Александр Товберг

Александр Товберг

Четвёртое измерение № 4 (64) от 1 февраля 2008 года

Мир существует вопреки…

 

Осеннее размышление


Мне нужно отойти от этой суеты,

Уединиться и – о Вечности подумать.

Ноябрь подберёт последние цветы

И снегом заметёт последний отзвук шума.


Мне надо осознать, увидеть в новом свете

Проблемы бытия и парадоксов суть.

А осени огонь всё так же будет светел,

Всё так же будет тих её предзимний путь.


Мне надо уберечь от плесени и пыли

Своё уменье быть с природою на «вы».

И листья потекут из рога изобилья,

Как золото с небес осенней синевы.


Мне нужно растворить в себе противоречья,

Тем самым получив неоценимый сплав

Из воли и мечты, которые, конечно,

Докажут людям то, что я всегда был прав.


А после я уйду из этой суеты,

По той причине, чтоб – о Вечности подумать.

Пусть осень подберёт последние цветы,

Зима пусть заметёт последний отзвук шума.
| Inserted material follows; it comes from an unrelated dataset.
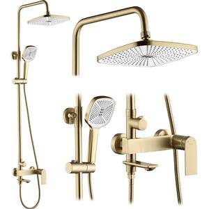 Rea Storm Set Doccia e Vasca Oro Spazzolato - Sistema Trifunzionale in Ottone con Soffione a Pioggia

Красный конь, или Фаллические символы тоски


Фаллические символы тоски

И одиночества, зовущиеся скукой,

Являются, как лезвия узки,

Обычно ночью и всегда без стука.


Ложатся тени на рассыпавшийся хлам

Одежды, поразбросанной небрежно,

И я вхожу и освящаю храм,

Не освещённый символом надежды.


В сосудах разливается огонь,

Под горло катит кровяным напалмом…

Купающийся красный-красный конь,

Не ты ли перспективу эту дал нам?..


Не разорвать, не расчленить, о нет...

Мир искажён и опрокинут в бездну,

Горячечный срывающийся бред

Не кажется таким уж бесполезным.


Инстинкты подавили разум воль,

И в ужасе забившись в дальний угол,

Стоически он переносит боль,

До полусмерти жизнью перепуган.


Вдруг – тишина... дыханье в потолок…

И новой жизни ждущее пространство…

И в окна к нам вливается восток

Рассветом дня с обычным постоянством.


Прекрасно успокаивает нас

Прохлада, убаюканная страстью…

И Красный конь пучит кровавый глаз,

Растущему подмигивает счастью.


Как в зеркала, друг в друга мы глядим

И с полуслова понимаем всё мы:

Мир – это дым, колышущийся дым,

И только мы даём ему весомость.


Юродивый


Глупый юродивый вопил истошно –

Пена сыпалась с круглых губ:

– Власти дали тебе на грош, но

Ты ею воспользовался на рупь!


И ветер был резок, как взгляд безумца.

Неверной походкой позёмка шла.

– Держава не строится наобум, царь –

На море крови, на почве зла!


Царь ухмыльнулся оскалом волчьим, –

И жест был краток, как будто вскрик…

А глупый юродивый, плача молча,

В снегу нашаривал свой язык.


…В крови нашаривал свой язык…


Пришедший


А сегодня… сегодня мы будем грустить

Об ушедших вчера, об оставшихся жить.


А сегодня, – сегодня прекрасная ночь.

Повторяюсь – о ночи я столько сказал…

Но слова – это пыль... пыль, летящая прочь,

Вслед за взмахом, который ей путь указал.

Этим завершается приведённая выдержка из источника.